### WHAT IS REQUIRED:
Exact copy, no pictures: return only the lines below from the line with "새로운 중국식 천장 팬" up to and including the line with "В любой момент".

### AVAILABLE DATA:
BEGIN

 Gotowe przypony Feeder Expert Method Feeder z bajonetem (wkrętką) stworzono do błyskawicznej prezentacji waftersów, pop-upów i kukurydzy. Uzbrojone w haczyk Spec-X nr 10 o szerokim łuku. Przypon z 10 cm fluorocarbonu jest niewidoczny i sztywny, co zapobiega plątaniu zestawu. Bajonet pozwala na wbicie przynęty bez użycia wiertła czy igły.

END
BEGIN

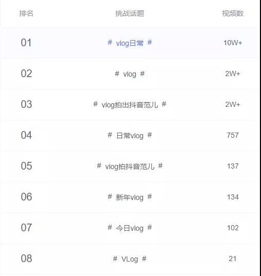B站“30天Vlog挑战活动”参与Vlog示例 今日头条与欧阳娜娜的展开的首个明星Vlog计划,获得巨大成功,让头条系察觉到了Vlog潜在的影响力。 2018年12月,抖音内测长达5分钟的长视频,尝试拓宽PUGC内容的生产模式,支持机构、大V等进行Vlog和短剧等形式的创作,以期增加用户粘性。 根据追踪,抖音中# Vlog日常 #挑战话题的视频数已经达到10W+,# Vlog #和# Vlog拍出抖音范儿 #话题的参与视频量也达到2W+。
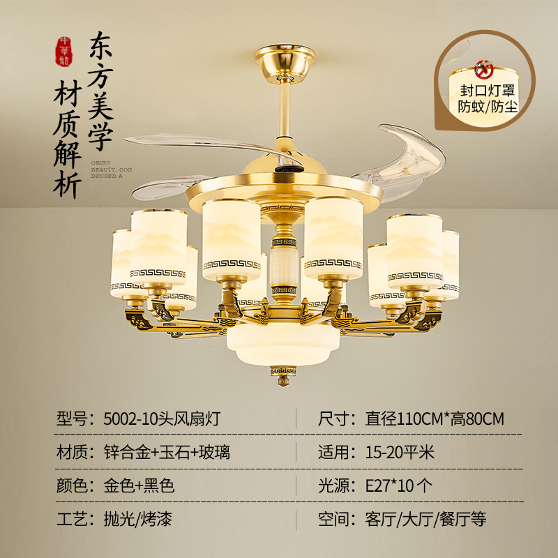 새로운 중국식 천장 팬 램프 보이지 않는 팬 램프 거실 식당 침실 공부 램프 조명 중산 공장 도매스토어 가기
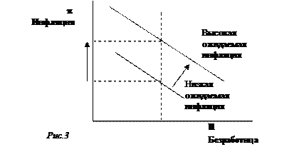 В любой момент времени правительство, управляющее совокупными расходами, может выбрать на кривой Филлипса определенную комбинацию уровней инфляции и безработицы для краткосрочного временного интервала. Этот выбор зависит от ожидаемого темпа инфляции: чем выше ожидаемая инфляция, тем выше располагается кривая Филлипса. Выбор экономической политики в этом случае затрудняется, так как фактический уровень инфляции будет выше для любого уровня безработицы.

END
BEGIN

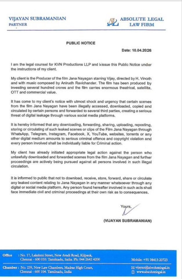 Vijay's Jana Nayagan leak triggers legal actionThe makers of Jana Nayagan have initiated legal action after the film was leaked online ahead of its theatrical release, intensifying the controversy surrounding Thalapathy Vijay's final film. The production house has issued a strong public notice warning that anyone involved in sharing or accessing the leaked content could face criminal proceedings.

END

### ANSWER TO THE PROBLEM:
 새로운 중국식 천장 팬 램프 보이지 않는 팬 램프 거실 식당 침실 공부 램프 조명 중산 공장 도매스토어 가기
 В любой момент времени правительство, управляющее совокупными расходами, может выбрать на кривой Филлипса определенную комбинацию уровней инфляции и безработицы для краткосрочного временного интервала. Этот выбор зависит от ожидаемого темпа инфляции: чем выше ожидаемая инфляция, тем выше располагается кривая Филлипса. Выбор экономической политики в этом случае затрудняется, так как фактический уровень инфляции будет выше для любого уровня безработицы.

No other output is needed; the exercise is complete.